Manning, who began his first year at HLS 35 years ago, used his talk to share four lessons that he wished he had known on his first day of law school.
#1: “Don’t worry about what you don’t know.”
Manning recalled that, when he started law school, he was scared that he didn’t get what he was supposed to be learning. As the first in his family to graduate from college and the first to go to law school, Manning said he didn’t know many lawyers, and, for his first semester, it seemed as if everyone around him grasped what was going on in a way that he didn’t. He told students that they’re here to learn what they don’t know yet. He urged them to ask questions, seek out mentors, connect with faculty and not worry too much. “The bottom line is that you’ll all learn what you need to know, and you’ll all do very very well in your careers,” he said. “There are lots of good ways to do this thing called law school. And your job is to find the one that’s right for you.”
#2 “Law school is not just about learning stuff; it’s about learning how to think.”

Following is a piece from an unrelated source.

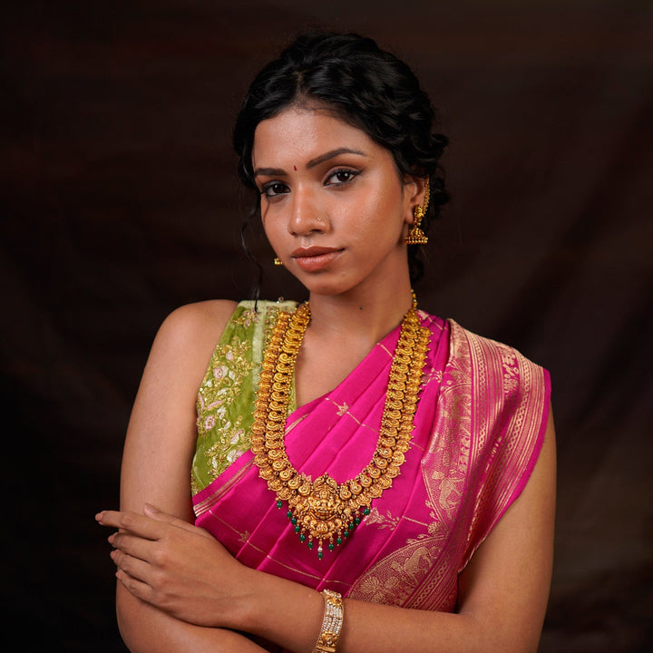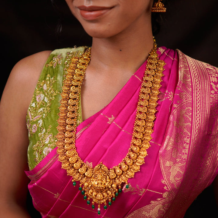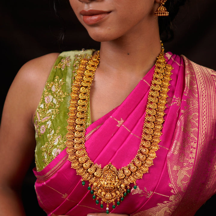 Embrace the sacred and regal heritage of South Indian jewelry with this magnificent Lakshmi Kaasu Haaram (Coin Necklace). This long necklace is a powerful symbol of prosperity and divine blessing,...

While learning rules is an important part of legal training, Manning said, it is far more important for students to learn to think like a lawyer –to break apart a problem into its essential parts and to see what’s really at stake. “It’s almost impossible to have a deep understanding of law if you don’t think about it critically,” he said. “[A]ll lawyers—whether they’re in high public office or engaged in the everyday work of representing clients—are responsible for the integrity of the legal system. Law is powerful. It has great capacity for good and for ill. And, if we’re doing our job right, we lawyers must always be prepared to question, criticize, and look behind decisions made in the name of the law. That is a high calling of our great profession.”
#3 “Lawyers disagree with each other; it’s part of our job.”

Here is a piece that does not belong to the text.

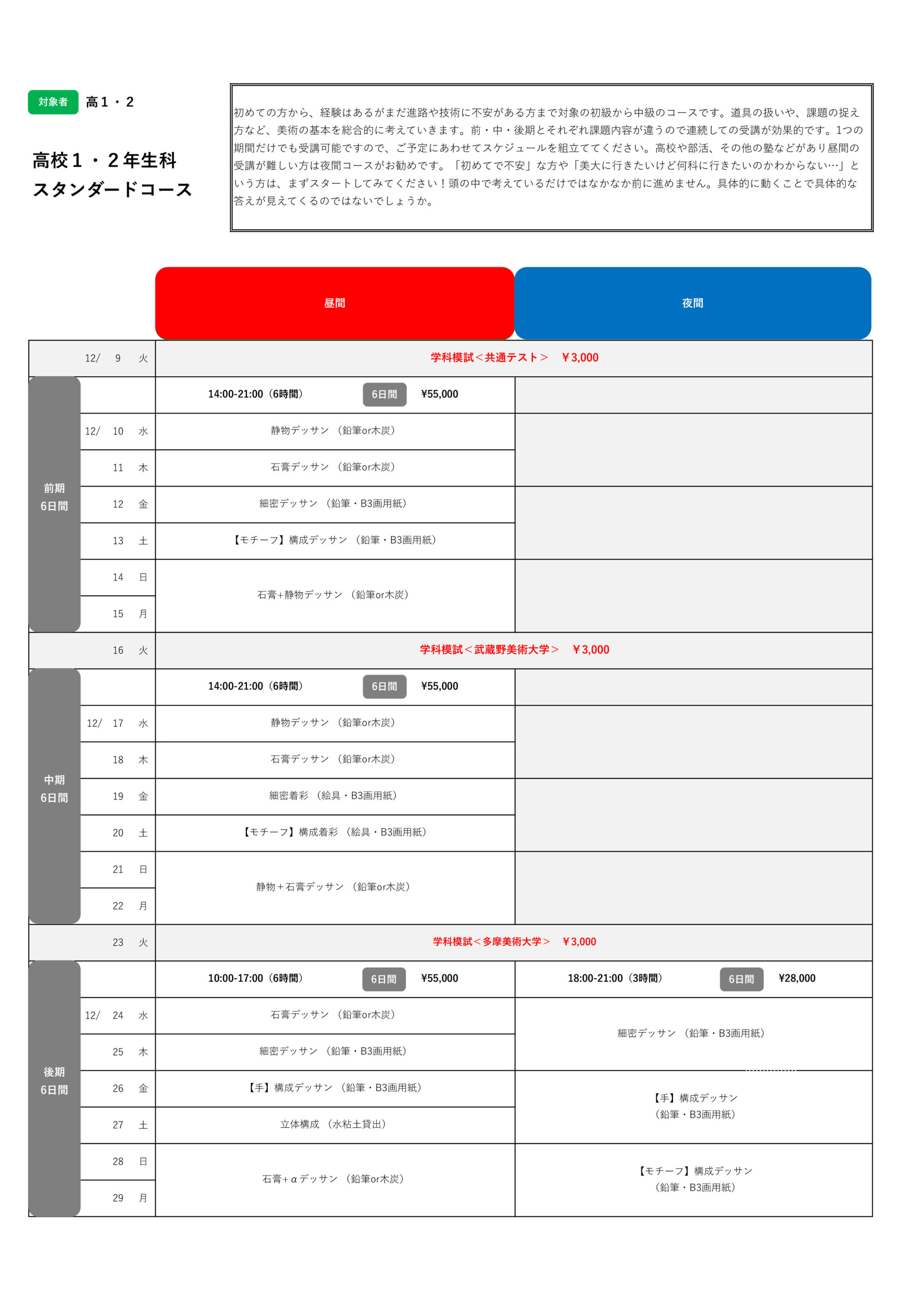 ・受講対象は日本の芸大・美大を受験する方です。海外の大学、3年次編入、帰国生入試には対応していません。

Manning noted that the adversarial system of justice is set up precisely so that lawyers have to deal with the best arguments against them all the time. Learning how to disagree with one another is an important part of a legal education. “One thing I know for sure: If you don’t take the other side seriously, if you dismiss it, if you treat it as silly, if you deem it unworthy of your consideration, you will not hear the strength in the other side’s arguments. And you will not know what points you most need to answer in order to persuade someone who may or may not start from the same assumptions as you do.” He also said lawyers must learn to frame those disagreements with mutual respect. “[I]t is our job here, at Harvard Law School, to debate vigorously and to have the courage of our convictions. But we also know that we must leaven that courage with empathy. And we must never, ever denigrate the humanity of others.”

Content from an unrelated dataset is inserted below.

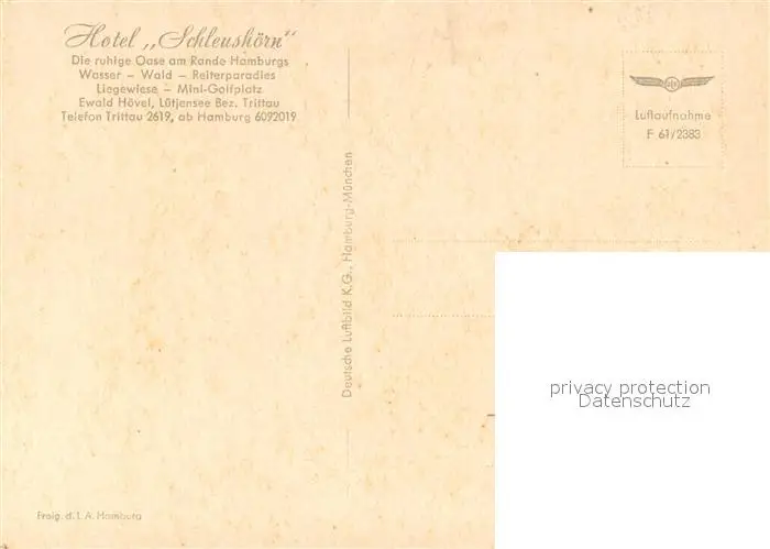 Luetjensee Hotel Schleushoern Fliegeraufnahme Luetjensee postalisch nicht gelaufen nach 1965 Erhaltung siehe scans [WerneD78] WernPID7

#4 “There are many many ways to be happy in this profession. And your job, starting now, is to find the path that best suits you.”
When Manning came to law school, he planned to become a corporate attorney. But after clerking on the D.C. Circuit, he discovered that what he really cared about was the rule of law and the constitutional system of checks and balances. “I would never have guessed that the rule of law would be the love of my professional life, or that I would be a law professor and a dean. Indeed, I would have bet heavily against all of that,” he said. “What I’ve seen during my 35 years in this business is that the happiest lawyers are often the ones who have been most open to possibilities they never thought possible.”
A public-law scholar with expertise in statutory interpretation and structural constitutional law, Manning has been on the HLS faculty since 2004, following a decade at Columbia Law School. His career has included stints in the U.S. Department of Justice as an attorney in the Office of Legal Counsel and the Office of the Solicitor General. He has published more than 40 articles in leading law journals and is co-editor of two leading casebooks, Hart & Wechsler’s Federal Courts and the Federal System and Legislation and Regulation. He served as a law clerk to both Justice Antonin Scalia of the U.S. Supreme Court and Judge Robert H. Bork of the U.S. Court of Appeals for the D.C. Circuit.